Medicis’ cash position has substantially improved. The balance sheet showed $184.05 million in cash for the third quarter 2011, an increase from $150.20 million in the second quarter. The net tangible assets have declined to $588.05 million in the third quarter 2011, from $612.65 million in the second quarter. Medicis’ quarterly revenue growth of 4.3%, versus an industry average of 19.8%, and a return on equity of 11.13%, versus an industry average of 8.7%, indicates that it is under-performing many of its competitors in earnings growth but is generating a superior return on equity.

The earnings outlook for companies in the drug manufacturing industry is currently subdued, primarily due to the poor economic climate and negative economic sentiment. Moody’s recently stated; “that many drug manufacturers have found 2011 to be a challenging year, although they have been able to offset declining revenue growth with price increases in the US and revenue from emerging markets.” It is believed that 2012 will be an even more challenging year for industry participants.

Despite the negative industry outlook I do agree with Cohen’s decision to invest in the company on the basis of its significantly increased net income and substantially improved cash position. These both demonstrate that it is well positioned for further earnings growth should there be an improvement in the economy. Accordingly, I rate Medicis as a buy.

Tenneco Inc (NYSE:TEN)

Tenneco has a market cap of $1.59 billion, and is currently trading at around $26, with a price to earnings ratio of 15.03. Its 52 week trading range has been between $22.47 and $46.81. It reported third quarter 2011 earnings of $1.77 billion, a decrease from second quarter earnings of $1.89 billion. Third quarter net income was $30 million, a large decrease from second quarter net income of $50 million. It has quarterly revenue growth of 15% and a return on equity of 150.56%.

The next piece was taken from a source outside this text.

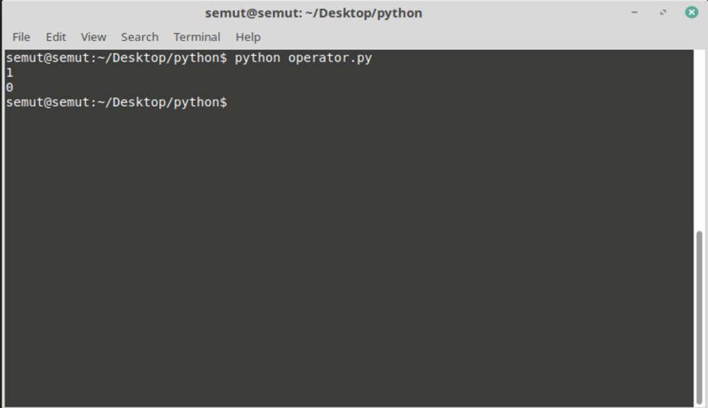e=a&c #hasilnya akan 0 karena ada #and akan jadi 1 jika keduanya bernilai 1 print(e)

One of Tenneco’s competitors is Meritor Inc (NYSE:MTOR), which has a market cap of $485.94 million and is currently trading at around $5, with a price to earnings ratio of 7.73. Based on these indicators, it I being outperformed by Tenneco.

Cohen holds 862,911 shares of Tenneco, buying 858,211 shares in the third quarter 2011, adding to a holding of 4,700 shares. The average purchase price per share was $34.95. Based on the last trading price of $25.23, he has made a return of -27.81%.

Tenneco’s cash position has improved in the last quarter. The balance sheet showed $163 million in cash for the third quarter 2011, an increase from $161 million in the second quarter. Tenneco’s quarterly revenue growth rate of 15%, versus an industry average of 7.8%, and a return on equity of 150.56%, versus an industry average of 18.1%, indicates that it is outperforming many of its competitors.

The outlook for the auto parts industry is quite positive with Moody's Investors Services recently revising the outlook from stable to positive. This improvement in the industry outlook is being driven by improving US economic indicators and the growing demand for vehicle parts.

Despite the positive industry outlook and Tenneco’s recent increased cash holdings I do not agree with Cohen’s decision to invest in the company, due to Tenneco’s decreased earnings and substantial decrease in net income for the third quarter. Accordingly, I would prefer to take a wait and see approach with this company and I rate it as hold.